À deux milles du village, une vache pousse un un meuglement de douleur; nous étions vent à elle. Un tigre rouge lui avoit donné un coup de griffe dans le fanon; elle perdoit tout son sang. Il passa près de nous, emporta un de nos chiens, et disparut comme un éclair. Nous courons vîte à la case de M. Colin, lui conter notre rencontre, et partager notre chasse. Nous avions tué un haras, gros perroquet, et un agouty, lièvre ou lapin du pays, qui a le poil gris fauve, le museau noir et pointu, et les pattes luisantes, rases, sèches et musculeuses.

L'araignée que nous avons vue, est la tarentule du pays. Sa morsure endort et donne une fièvre apoplectique, nous dit notre vieillard; quant au tigre qui nous a fait si grand peur, il est très-commun sur cette côte. Il y en a de quatre espèces, le noir, qui se cache dans le creux des rochers, et qu'on appelle hyène. Le rouge qui étoit si nombreux en 1664, sous le gouvernement de M. de la Barre, que les habitans de Cayenne désertèrent l'isle, pour éviter les ravages qu'il faisoit à leurs troupeaux. M. de la Barre, pour remédier à ce désastre, fit faire une battue autour des côtes, donna cinquante francs par chaque tête de tigre.[21] Cet animal ne s'adresse jamais à l'homme qui, par sa démarche et sa tête élevée, lui paroît être sur l'attaque et sur la défensive. Le tigre martelé se divise en deux espèces: l'une plus petite, qui s'attache aux côtes, est marquée de taches plus petites, et beaucoup plus régulières que l'autre, qu'on appelle balalou, ou tigre des grands bois, qui ressemble à celle du Bengale. Le tigre ne s'attache qu'aux animaux vivans, et c'est une erreur de dire qu'il creuse les tombeaux. La hyène et le chacal seuls n'épargnent ni les vivans ni les morts..... Dans tous les pays chauds où ils se trouvent, les cimetières sont ceintrés de murs très-élevés, et les fosses recouvertes de très-grosses pierres. Le soir en nous déshabillant, nous nous grattions jusqu'au sang. La démangeaison augmentait à mesure que nous nous tourmentions; notre peau étoit couverte de tiques et de poux d'agouty. Cette dernière vermine est rouge, se trouve par milliers à chaque brin d'herbe, s'insinue si profondément dans la peau, qu'elle occasionne souvent des tumeurs, sur-tout aux parties velues; c'est un des fléaux de l'été de la zone torride. Vous ne pouvez marcher dans aucune savane, sans en être rongé, et forcé, à votre retour, de changer promptement de linge, en arrachant premièrement chacun de ces insectes, avec la même précaution que la chique; sans cela point de sommeil, point de repos, point de santé. Cette vermine fait la guerre aux grands comme aux petits animaux domestiques, mais la volaille sur-tout est sa victime, et je crois qu'elle lui donne l'épian, peste qui dépeuple presque chaque année tous les poulaillers de la Guyane.

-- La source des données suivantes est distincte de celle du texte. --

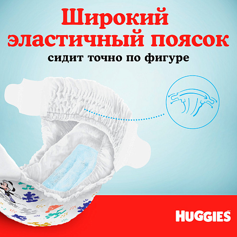 • Широкий эластичный поясок надежно фиксирует подгузник на ребенке, не топорщится на спинке, повторяя все изгибы тела, и не врезается в кожу

Je veillois malgré moi aux cadences sépulcrales de l'horrible couple des kouatas singes noirs et rouges, plus hideux que tous les animaux, et fidèles comme des ramiers. Le mâle et la femelle hurloient dans le fond des grands bois leurs cyniques amours. Un parc est auprès de nous. J'étois à la fenêtre de notre grenier; une tigresse martelée, suivie de ses deux petits, rôde autour de la case; ses yeux brillent comme des diamans, elle regarde à ses côtés si sa progéniture la suit. Rien n'est plus beau que cet animal, quand il marche sans crainte, agitant sa queue, et guettant sa proie; l'ombre des feuilles l'inquiète: elle se couche et s'élance sur une génisse qui n'est pas rentrée au parc: lui ouvrir le crâne, l'égorger, l'emporter, est pour elle le tems d'un clin-d'œil. Le vacher se réveille; elle est à cent pas dans les palmistes, avant qu'il ait ouvert sa loge. Tout le village se réveille, prend des armes, on suit la bête aux traces de ses pattes et du sang. Elle est à deux portées de fusil; elle a mangé la ventrêche de sa proie, et enterré le reste sous des branches de moukaya, pour y revenir demain, dans la matinée. Les chasseurs laissent la proie et se mettent à l'affût. Je reviens à la case; Givry, contre son ordinaire, dormoit d'un profond sommeil. Je l'appelle, il est sourd. La lampe n'étoit pas allumée; j'approche, je le touche; son hamac étoit tout trempé. On apporte de la lumière, il nageoit dans le sang. Deux chauves-souris grosses comme la tête lui avoient ouvert la veine, et leur lancette soporifique lui donnoit le cochemar. Nous l'agitons; il ouvre les yeux comme un mourant qui renaît par degré. Quel pays ...!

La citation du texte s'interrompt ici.